Résumé de la décision :
Le ministre d'État, ministre de l'intérieur, a formé un recours contre un jugement du Tribunal Administratif de Nantes en date du 30 mai 2017, qui lui ordonnait de délivrer un visa à M. C. B... dans un délai de deux mois. Le ministre a demandé un sursis à l'exécution de cette injonction, arguant que des éléments nouveaux apportés par le requérant au cours de l'instance justifiaient un simple réexamen de la demande et non pas une injonction de délivrance immédiate. La cour a décidé de suspendre l'exécution de l'article 2 du jugement attaqué, considérant que les arguments du ministre étaient sérieux et justifiaient le rejet de l'injonction.
Arguments pertinents :
1. Conséquences difficilement réparables : Le ministre a soutenu que la délivrance d'un visa de long séjour à M. B..., sans que les conditions ne soient réunies, pourrait entraîner des conséquences difficilement réparables. La cour a jugé ce moyen sérieux : "le moyen énoncé dans le recours du ministre de l'intérieur tiré de l'existence de conséquences difficilement réparables (...) paraît, en l'état de l'instruction, sérieux”.

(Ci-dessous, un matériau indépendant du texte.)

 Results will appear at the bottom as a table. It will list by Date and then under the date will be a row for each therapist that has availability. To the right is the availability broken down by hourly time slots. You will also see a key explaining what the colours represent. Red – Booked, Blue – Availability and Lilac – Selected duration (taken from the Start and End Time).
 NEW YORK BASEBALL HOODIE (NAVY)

2. Réexamen de la demande : Le ministre a également fait valoir que le tribunal aurait dû se limiter à ordonner un réexamen de la demande de visa plutôt que de délivrer une injonction immédiate. La cour a acquiescé, considérant que cela justifiait le rejet des conclusions à fin d'injonction.

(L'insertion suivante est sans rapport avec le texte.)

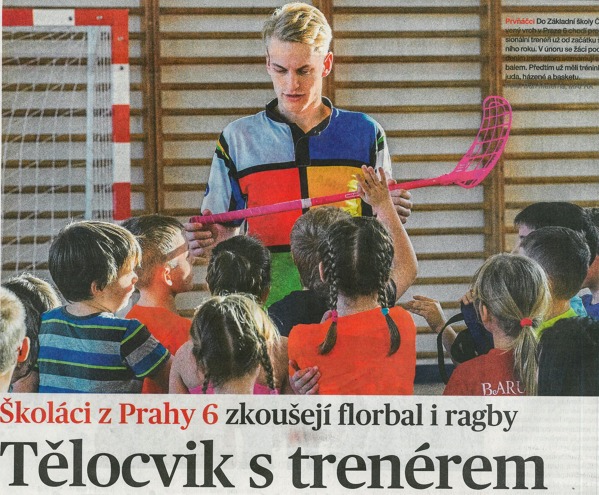 Dnes o nás napsali v MF DNES: "Tělocvik s trenérem" - Školáci z Prahy 6 zkoušejí florbal i ragby. Přinášíme přepis článku.

Interprétations et citations légales :
1. Code de justice administrative - Article R. 811-15 : Cet article permet à la juridiction d'appel d'ordonner un sursis à l'exécution d'un jugement annulant une décision administrative si les moyens invoqués par l'appelant sont sérieux. Le tribunal a interprété cet article dans le sens où, "en l'état de l'instruction, [les moyens] paraissent sérieux et de nature à justifier, outre l'annulation ou la réformation du jugement attaqué, le rejet des conclusions à fin d'annulation".
2. Code de justice administrative - Article R. 811-17 : Cet article prévoit les conditions dans lesquelles le sursis peut être accordé sur d'autres bases. Il stipule que le sursis peut être ordonné si l'exécution de la décision de première instance "risque d'entraîner des conséquences difficilement réparables". Dans ce cas, la cour a trouvé que la délivrance immédiate du visa risquait de provoquer de telles conséquences, ce qui a renforcé son argumentation en faveur du sursis.
Ces interprétations des textes de loi soulignent l'importance d'une approche prudente concernant les injonctions à l'égard de l'administration, particulièrement lorsqu'il s'agit de décisions à fort impact sur la situation personnelle des requérants.